VHbb boosted - Xbb framework

Directory: /t3home/acalandr/VHbb/boosted_2016/CMSSW_10_1_0/src/Xbb/python

1lep 2016: /t3home/acalandr/VHbb/boosted_2016/CMSSW_10_1_0/src/Xbb/python/Wlv2016config

2lep 2016: /t3home/acalandr/VHbb/boosted_2016/CMSSW_10_1_0/src/Xbb/python/Zll2016Nanoconfig

1lep 2017: 

Training 1lep boosted 2017: /t3home/acalandr/VHbb/boosted_2016/CMSSW_10_1_0/src/Xbb/python/weights_1lep2017_boosted

1 - Running framework - List of inputs

for j in `ls -1`; do for i in `ls -1 ${j}/*/*/*/*.root`; do echo ${PWD}/${i} | sed 's/\eos\/cms\///g'; done > ./new_dir/${j}.txt; done

2 - Running framework - Prep Step

1) Prep step
 ./submit.py -T Wlv2016 -F prep-v1 -J prep -N 10   

—> check all samples are processed:

./submit.py -T Wlv2016 -J checklogs —resubmit

PREPout: root://t3dcachedb03.psi.ch:1094//pnfs/psi.ch/cms/trivcat/store/user/acalandr/VHbb/VHbbPostNano2016/Wlv/prep_v1/

--> New method for PREPStep: ./submit.py -T Zll2016Nano -J run --modules=Prep.VHbb -F prep --input PREPin --output PREPout --set='Directories.samplefiles:=<!Directories|samplefiles_split!>'

3 - Running framework - Sys Step

./submit.py -T Wlv2016 -F sysnew-sys -J sysnew --addCollections Sys.sys_all_BoostedAndResolved  -I

List of systematics uncertainties included in general.ini:

sys_all_BoostedAndResolved = ['Sys.TTweights','Sys.LeptonWeights','Sys.EWKweights','Sys.BTagWeights','Sys.isSignal', 'Sys.isWH', 'Sys.isData', 'Sys.HeppyStyleGen', 'Sys.FitCorr','Sys.GetTopMass','Sys.GetWTMass','Sys.DYspecialWeight','Sys.VptWeightSimFit','Sys.DoubleBTagWeightsSimFit'] 

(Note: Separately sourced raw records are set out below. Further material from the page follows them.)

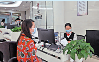
▲客戶在工商銀行深圳前海分行辦理跨境理財通業務。

余凌曲判斷，新政令前海在開展資本項目開放、推進人民幣國際化方面有了更加明確的國家政策支持，新政首次提出支持前海發展離岸金融業務，有利於前海更好打通與香港的跨
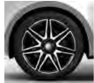
48,3 cm (19") AMG Leichtmetallräder im 7-Doppelspeichen-Design, schwarz glanzgedreht (RK4)
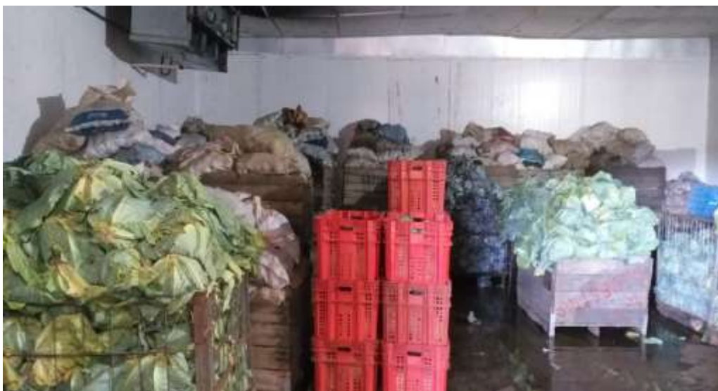
Foto 8- Mercadoria armazenada na câmara fria depois de ser colhida.
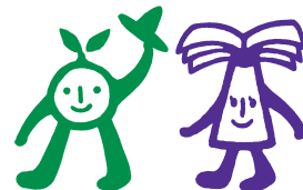
Welcomingアベノ・天王寺キャンペーンのキャラクター「あのくん」と「てのんちゃん」

アベノ・天王寺エリアの魅力を再発見し、それを伝えることで、エリアのイメージ向上、活性化を目指していきます。「Welcoming」は、アベノ・天王寺エリアにさまざまな人をお招きし、おもてなしをしていくという気持ちを表現しています。
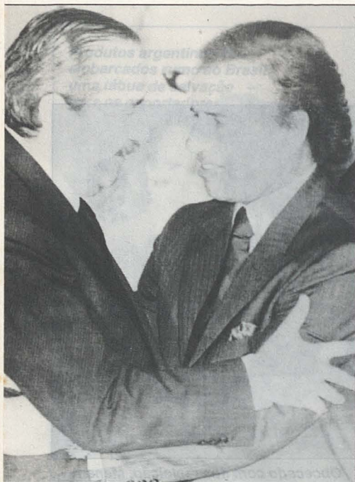
Alfonsín e Menem: abraço sela acordo
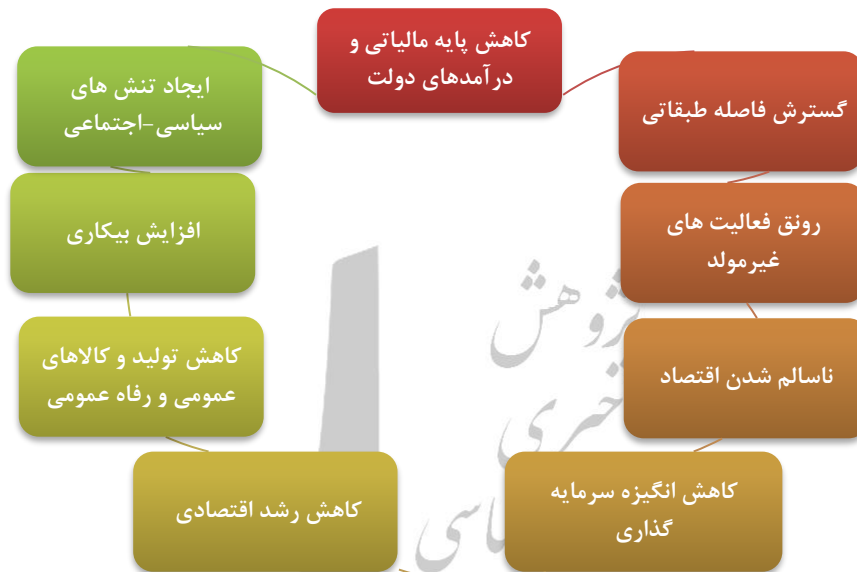
شکل شماره ۱- پیامدهای فرار مالیاتی و وجود معوقات مالیاتی

واردات کالاهای ضروری و سرمایه‌ای تخصیص نیابد. همان طور که در شکل شماره ۱ مشاهده می‌شود، فرار مالیاتی و معوقات مالیاتی به گسترش فاصله طبقاتی، کاهش رشد اقتصادی و ... منجر می‌شوند ۱ .
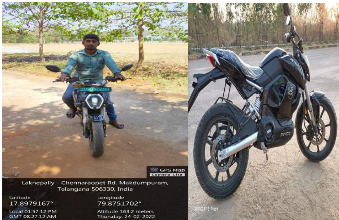
Battery powered vehicles usage in college campus

In JITS, staff and students use the bicycles to move around the campus. Staff and students who are near by the college are encouraged to come by bicycle.
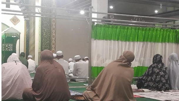
Gambar 4.3 Pengajian Rutinan
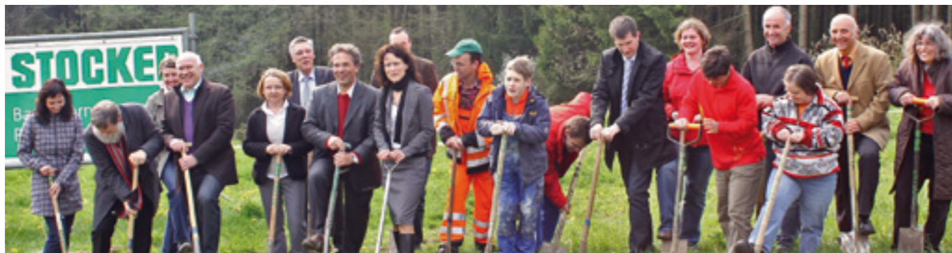
Ein Grund zur Freude für die Lautenbacher: Mit dem offiziellen Spatenstich starteten im April die Baumaßnahmen für die beiden neuen Wohngebäude „Haus am Wald“ und „Haus am Kirschbaum“.

Über 150 Menschen mit Behinderung leben in der Lebens- und Arbeitsgemeinschaft Lautenbach. Dazu kommen fast ebenso viele Betreuer und Mitarbeiter. Eine stattliche Gemeinschaft, die sich in den letzten 40 Jahren – so alt wird Lautenbach heute – aus den Anfängen im Brunnenhof entwickelt hat und jetzt ein zukunftsweisendes Projekt auf den Weg bringt. In den neuen Wohngebäuden „Haus am Wald“ und „Haus am Kirschbaum“ entstehen 40 Wohnplätze für die betreuten Menschen. Mit dem offiziellen Spatenstich gingen die 3,2 Millionen Euro teuren Baumaßnahmen im April an den Start.
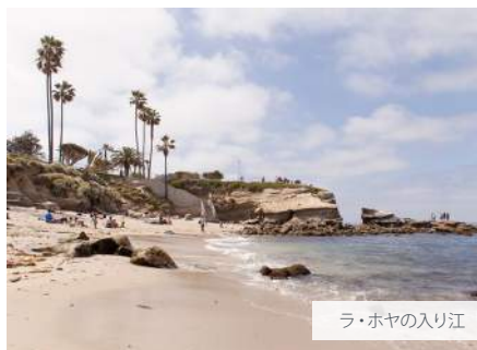
ラ・ホヤの入り江
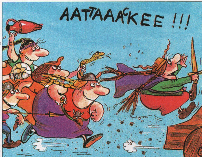
Cartoon: Franziska Becker aus Feminax & Walkürax © Emma-Verlag Köln

Leutschenbachstrasse 44 8050 Zürich Oerlikon Telefon 01 301 22 30 Fax 01 301 14 11
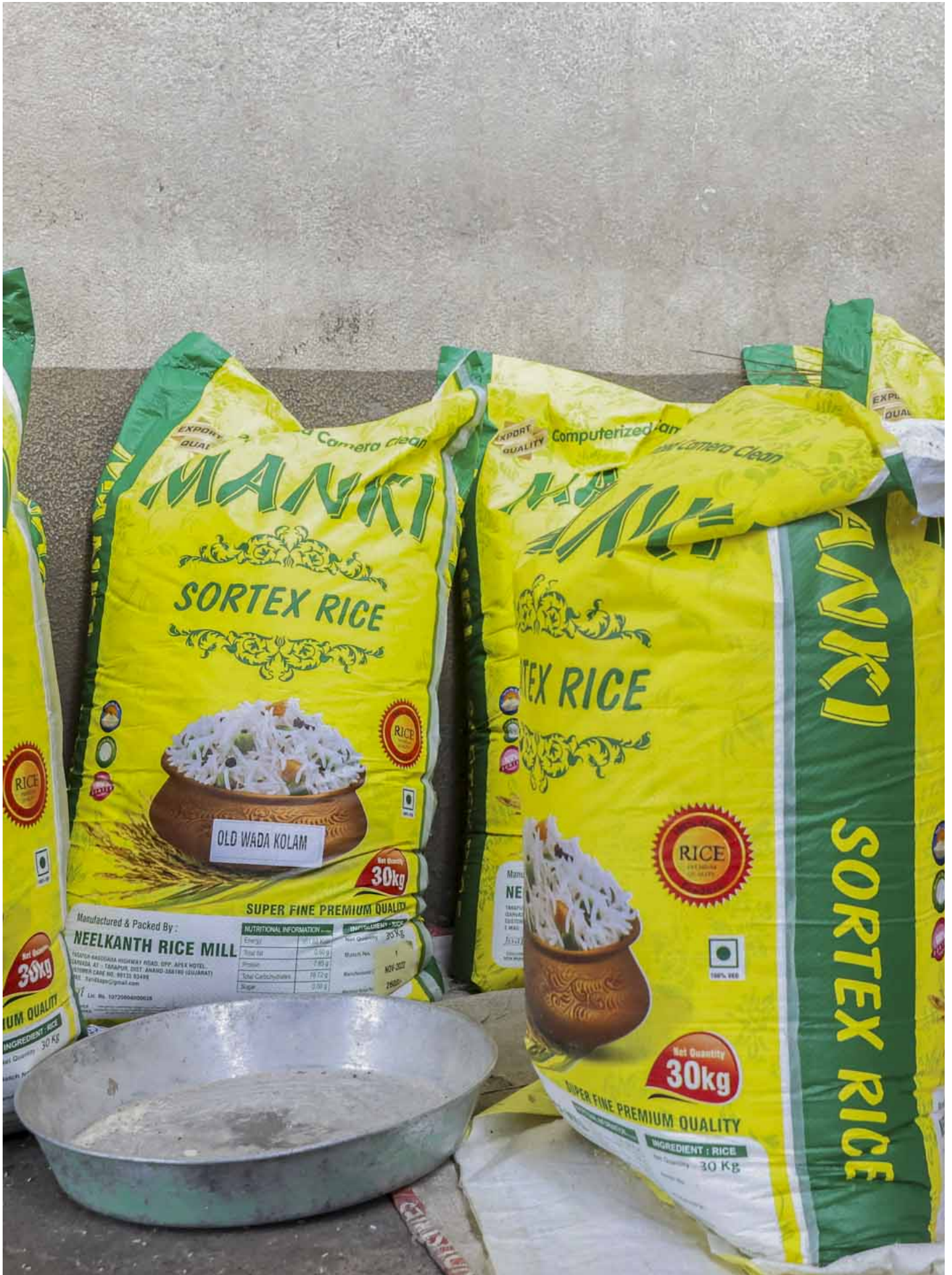
2023年8月4日，印度孟买，一名妇女在批发市场清理米粒。
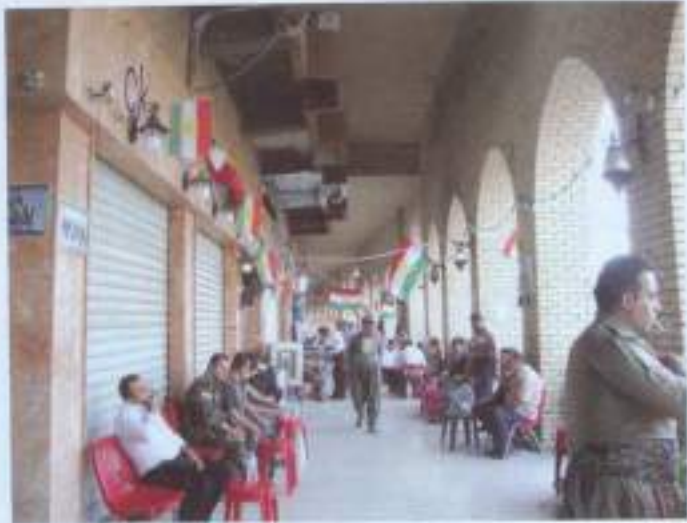
Քուրդիստանի անկախության հանրաքվեի օրը (Էրբիլ, 25.09.2017)
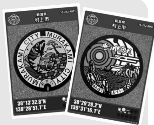
話題のマンホールカード
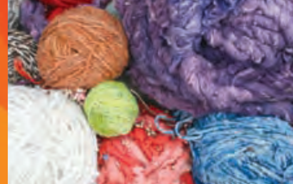
Diferentes tipos de lana

No hay límite en la variedad de colores y texturas para los tejidos elaborados de manera artesanal
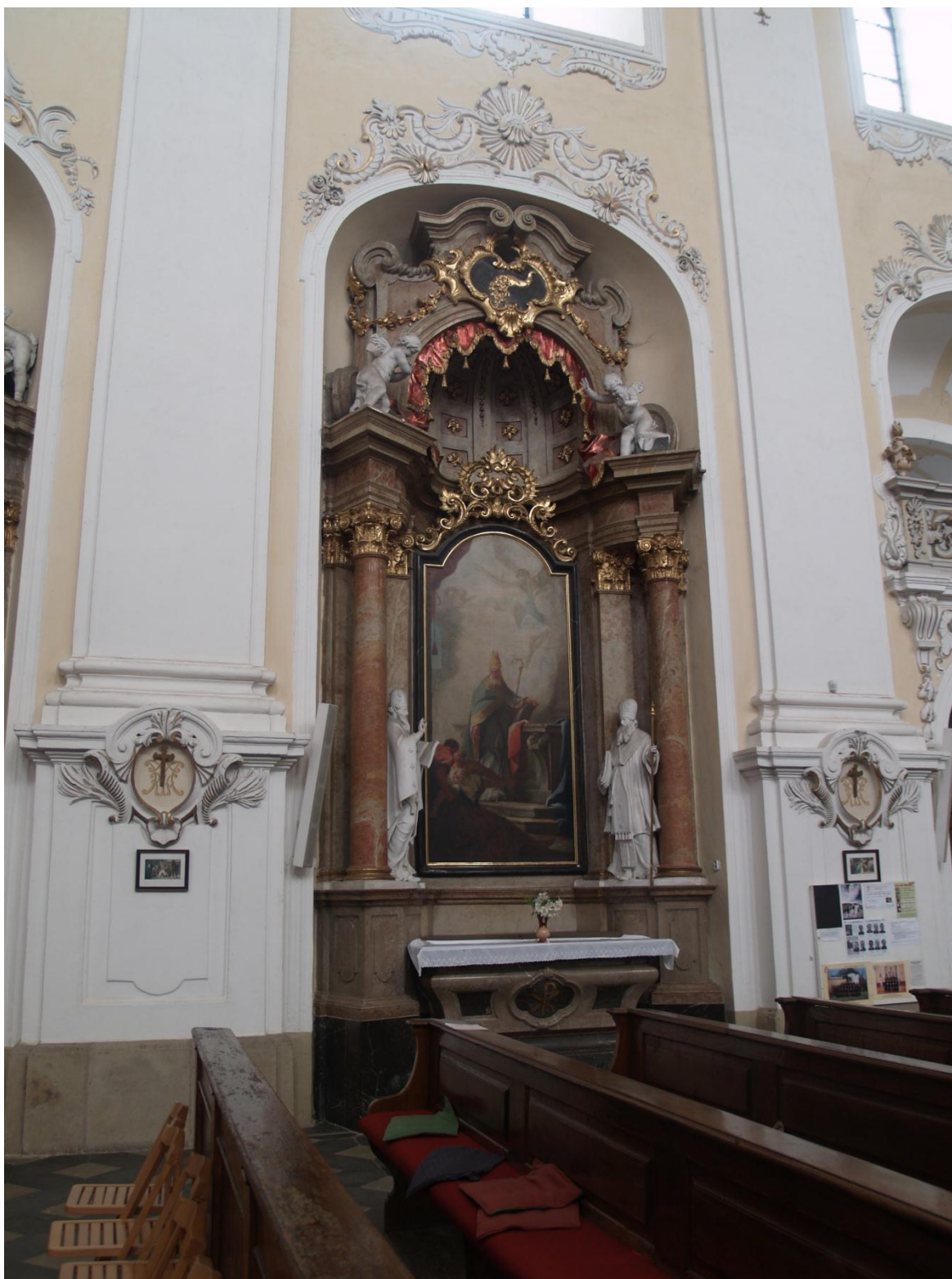
11) Kostel Očišťování Panny Marie v Dubu nad Moravou, epištolní strana - boční oltář sv. Valentina
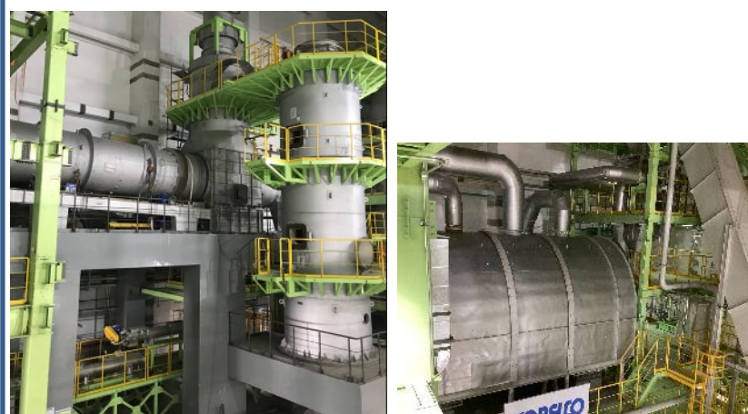
【ロータリーキルン】
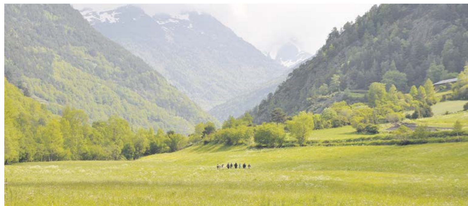
Panoràmica de la vall des del prat guanyador del Concurs de prats florits del 2013, a Arans.

El concepte de prats florits es basa en un mètode d'avaluació per valorar la biodiversitat dels prats naturals: l'observació de flors com a bioindicadors fàcils
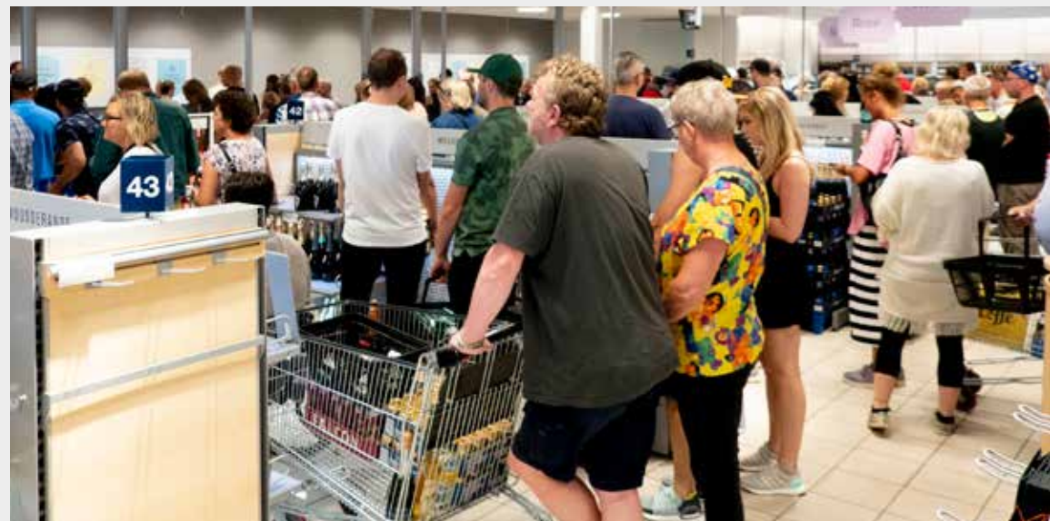
I KØ: Slike køer er en sjeldenhet på Vinmonopolet, men forekommer så å si daglig i Sverige.
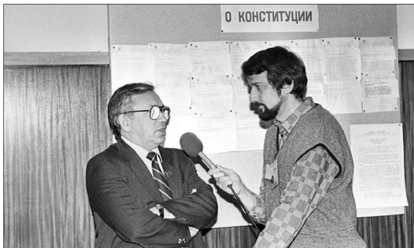
Член Конституционной комиссии, председатель Комитета Верховного Совета РФ по международным делам В.П. Лукин даёт интервью в фойе Большого Кремлёвского Дворца у стенда с телеграммами избирателей о проекте Конституции

The python modules for each systematics uncertainty is in myutils/.

—> run without Higgs module: ‘Sys.HiggsCandidateSystematics’ to make it faster. Then, I’ll have to run with the Higgs module inside after the plots are done

—> using BTagWeight cMVAv2 for 94X campaign (2016 reprocessing), csv file: cMVAv2_Moriond17_B_H.csv

SYSout: root://t3dcachedb03.psi.ch:1094//pnfs/psi.ch/cms/trivcat/store/user/acalandr/VHbb/VHbbPostNano2016/Wlv/sys_v6/

—> check all samples are processed:

./submit.py -T Wlv2016 -J checklogs —resubmit

The weights in 'weightF' (in general.ini) are produced after the SYS step because they come from the modules in general.ini which accounts for the systematics uncertainties.

4 - Running framework - Cacheplot Step

./submit.py -T Wlv2016 -F cacheplot-v2 -J cacheplot -i 

In order to cache one specific sample, add '-S SingleElectron' to command.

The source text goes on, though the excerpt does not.